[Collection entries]
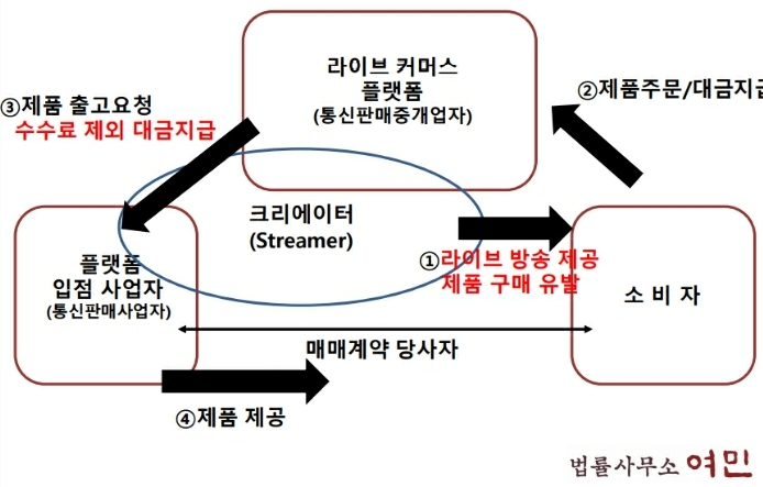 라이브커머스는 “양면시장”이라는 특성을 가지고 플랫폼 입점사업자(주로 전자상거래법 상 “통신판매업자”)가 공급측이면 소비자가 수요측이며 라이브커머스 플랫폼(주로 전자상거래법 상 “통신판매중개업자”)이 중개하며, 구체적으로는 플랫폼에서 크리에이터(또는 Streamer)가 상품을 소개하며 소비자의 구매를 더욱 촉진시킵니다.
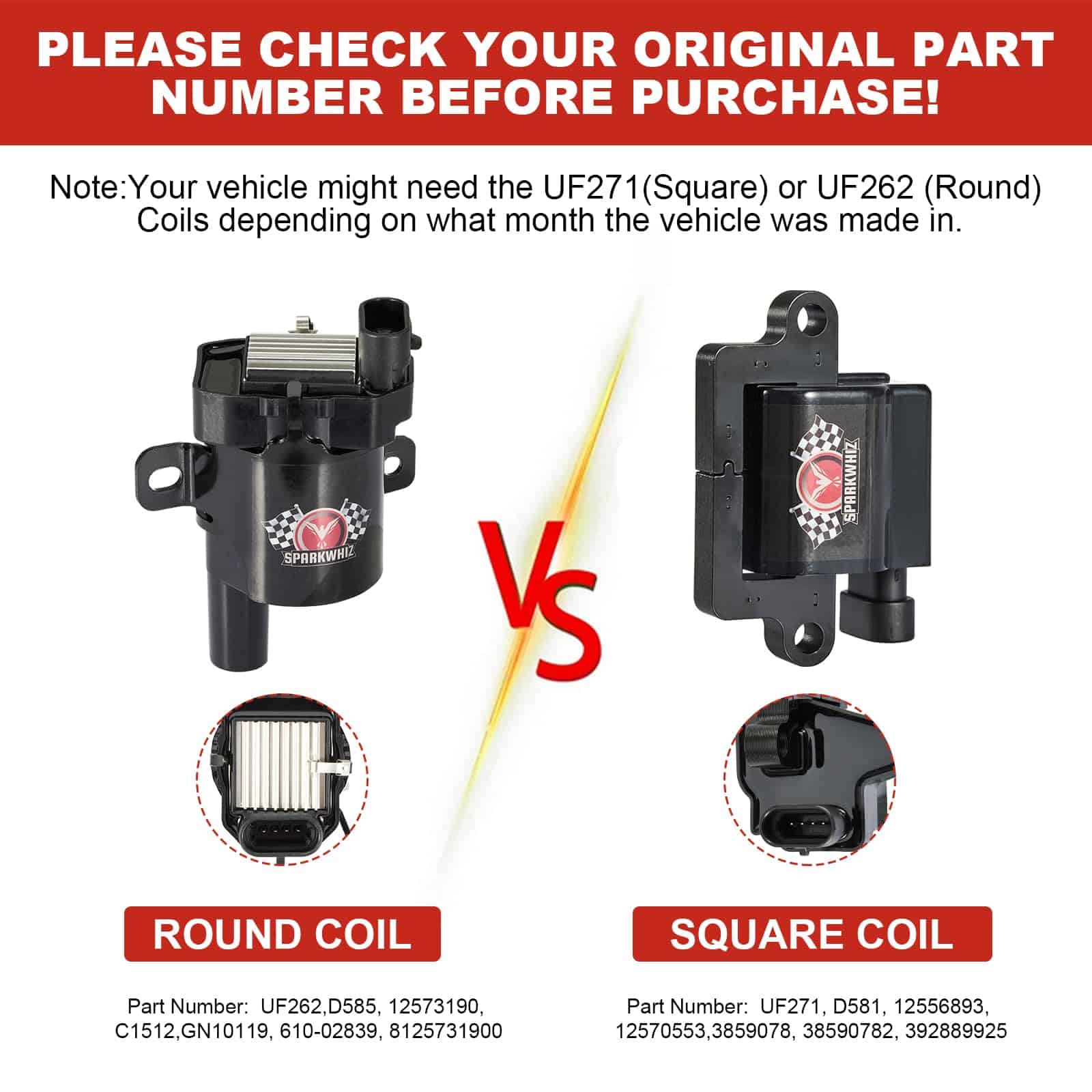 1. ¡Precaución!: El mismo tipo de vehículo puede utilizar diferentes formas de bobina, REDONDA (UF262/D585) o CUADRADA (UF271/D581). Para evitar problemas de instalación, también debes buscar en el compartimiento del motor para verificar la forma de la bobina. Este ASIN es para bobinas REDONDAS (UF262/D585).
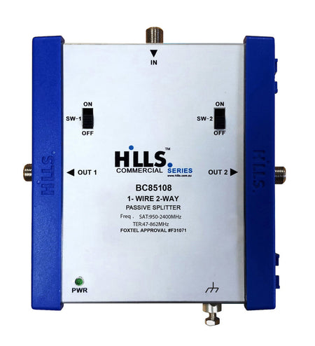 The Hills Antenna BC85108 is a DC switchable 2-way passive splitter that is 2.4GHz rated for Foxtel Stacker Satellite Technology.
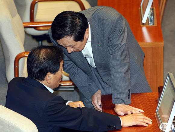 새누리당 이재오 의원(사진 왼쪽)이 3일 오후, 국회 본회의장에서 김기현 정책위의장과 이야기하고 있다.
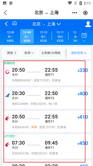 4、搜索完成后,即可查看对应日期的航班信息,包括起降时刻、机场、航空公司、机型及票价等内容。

_To do_
When copying the records above, please match them exactly but leave out all pictures.

_Output for this exercise_
 라이브커머스는 “양면시장”이라는 특성을 가지고 플랫폼 입점사업자(주로 전자상거래법 상 “통신판매업자”)가 공급측이면 소비자가 수요측이며 라이브커머스 플랫폼(주로 전자상거래법 상 “통신판매중개업자”)이 중개하며, 구체적으로는 플랫폼에서 크리에이터(또는 Streamer)가 상품을 소개하며 소비자의 구매를 더욱 촉진시킵니다.
 1. ¡Precaución!: El mismo tipo de vehículo puede utilizar diferentes formas de bobina, REDONDA (UF262/D585) o CUADRADA (UF271/D581). Para evitar problemas de instalación, también debes buscar en el compartimiento del motor para verificar la forma de la bobina. Este ASIN es para bobinas REDONDAS (UF262/D585).
 The Hills Antenna BC85108 is a DC switchable 2-way passive splitter that is 2.4GHz rated for Foxtel Stacker Satellite Technology.
 새누리당 이재오 의원(사진 왼쪽)이 3일 오후, 국회 본회의장에서 김기현 정책위의장과 이야기하고 있다.
 4、搜索完成后,即可查看对应日期的航班信息,包括起降时刻、机场、航空公司、机型及票价等内容。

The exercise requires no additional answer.